7.2 Confidence interval

Point estimate

  • Based on 80 samples, the battery life is \(\hat{\theta}=11.4\) hours.
  • It provides no info about how precise the estimate is.
  • Oftentimes, we are interested in constructing a so-called confidence interval (CI).
  • Roughly speaking, it is an interval that contains the parameter with a specified high probability (e.g., 95%).
    • The battery life has a 95% CI of [10.2,12.7] hours.
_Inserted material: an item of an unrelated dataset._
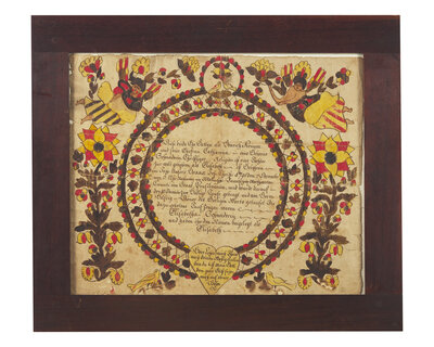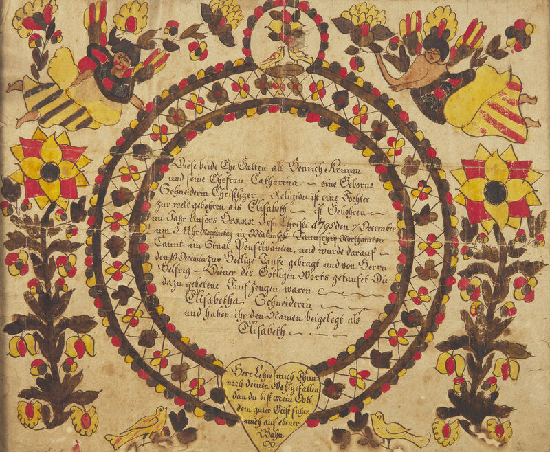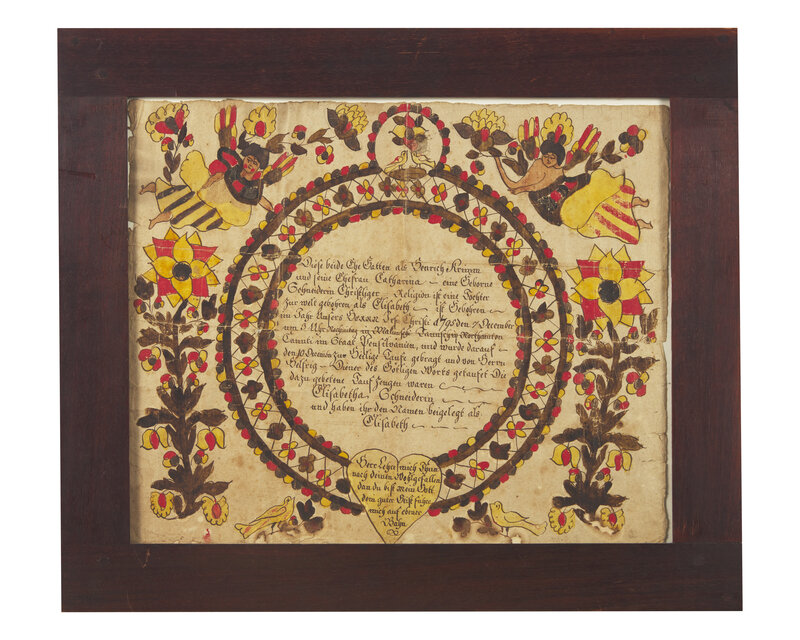 A Fraktur Birth and Baptism Record, Attributed to The Blowsy Angel Artist, Northampton County, Pennsylvania

Constructing a confidence interval

  • First, we need to specify a desired high probability.
    • This high probability is called the confidence level.
    • Common choices include 95% and 99%
    • \((1-\alpha)\) is often used to indicate the confidence level

\[95\% \; \rightarrow \alpha=0.05\]

\[99\% \; \rightarrow \alpha=0.01\]

Constructing a confidence interval

  • Once we specified the confidence level, say 95%, we aim to have a confidence interval with
    • a lower bound estimator \(\hat{\Theta}_n^{-}\)
    • an upper bound estimator \(\hat{\Theta}_n^{+}\)
  • so that

\[\text{P}\bigg(\hat{\Theta}_n^{-} \leq \theta \leq \hat{\Theta}_n^{+}\bigg) = 95\%\]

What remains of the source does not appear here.